Wie auch zu Fuß, erlebt man mit dem Fahrrad auf dem Weg die unglaubliche Natur hier. Man kann sie genießen, weil es warm ist (Ausnahme die letzten beiden Tage), auf den Bergen, in den Wäldern, in den Naturparks, im Tal, ohne Autostress.
Fahrradwege gibt es kaum, dafür ganze Straßenzüge, die Autos nicht mehr benutzen oder extrem ruhig sind. Wir hatten kaum 30 Kilometer auf der gesamten Strecke mit vielen Autos oder Lastwagen zu tun.
Die Menschen sind nett, sehr nett sogar, fromm und brav. Man kommt zur Ruhe, kann geistig Kraft tanken durch die gute Versorgung mit Essen, mit Landschaft, mit Wärme, mit Begegnungen, die herzlich und ursprünglich sind. Auch mit dem Besuch der Klöster und die Häufung von Personen, die ihr Leben Gott geweiht haben, macht den Weg zu einem besonderen Weg, auch mit dem Fahrrad und auch, wenn man nicht religiös ist.

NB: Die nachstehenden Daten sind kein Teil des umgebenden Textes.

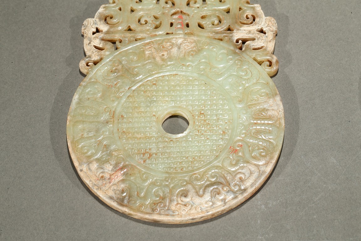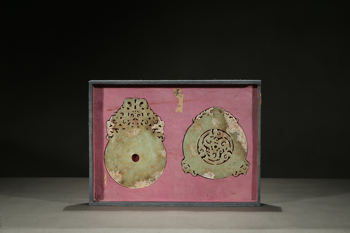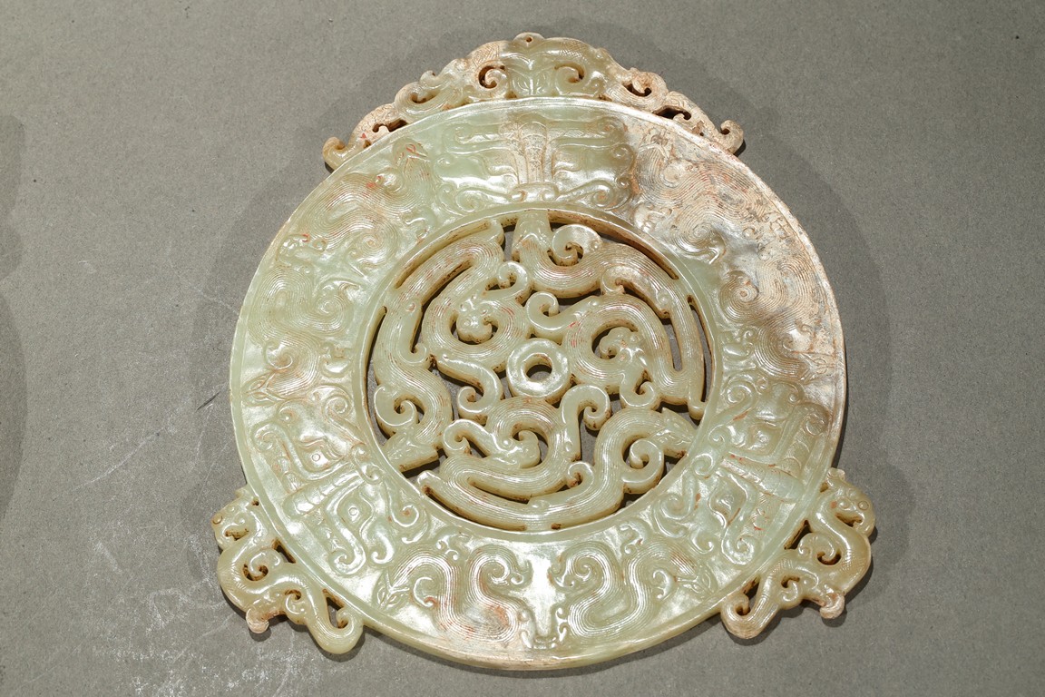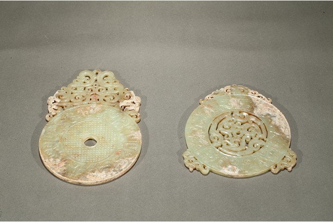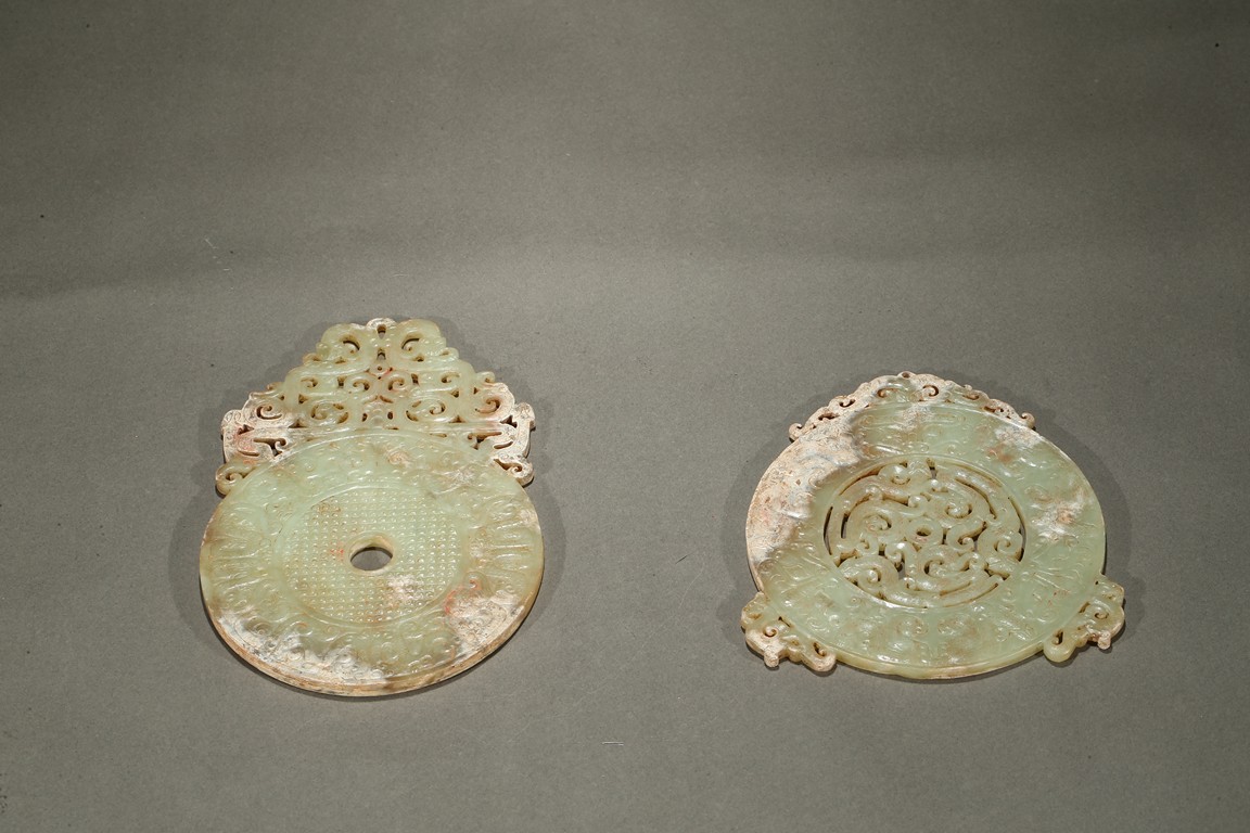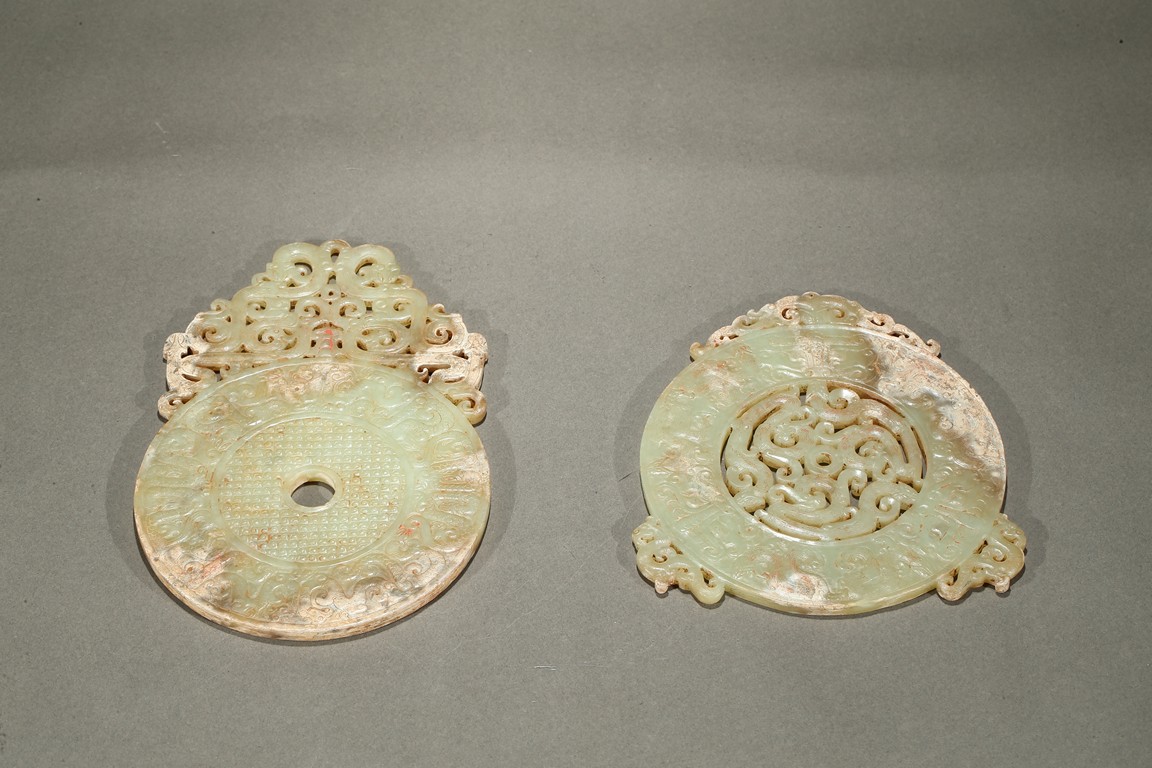 Consisting of a jade disc carved with dense rows of spiral pattern to the inner circle, the outer circle with stylized mythical snake like beast, the top extended flange reticulated to similar writhing mythical beasts; the other jade disc reticulated at the center with mythical beasts, extended with three flanges carved in openwork with mythical beast.

Durch die schon eher hohe körperliche Belastung (Höhenmeter 🙂 wird man ebenfalls ganz ruhig, man braucht nichts mehr als eine warme Dusche, ein sauberes Bett, eine schöne Mahlzeit, a Glaserl Wein. So ist das hier auf dem Franziskusweg in Italien, und wie ich persönlich meine, ist das der schönste Weg, den man in seinem Leben nur beschreiten oder mit dem Fahrrad befahren kann.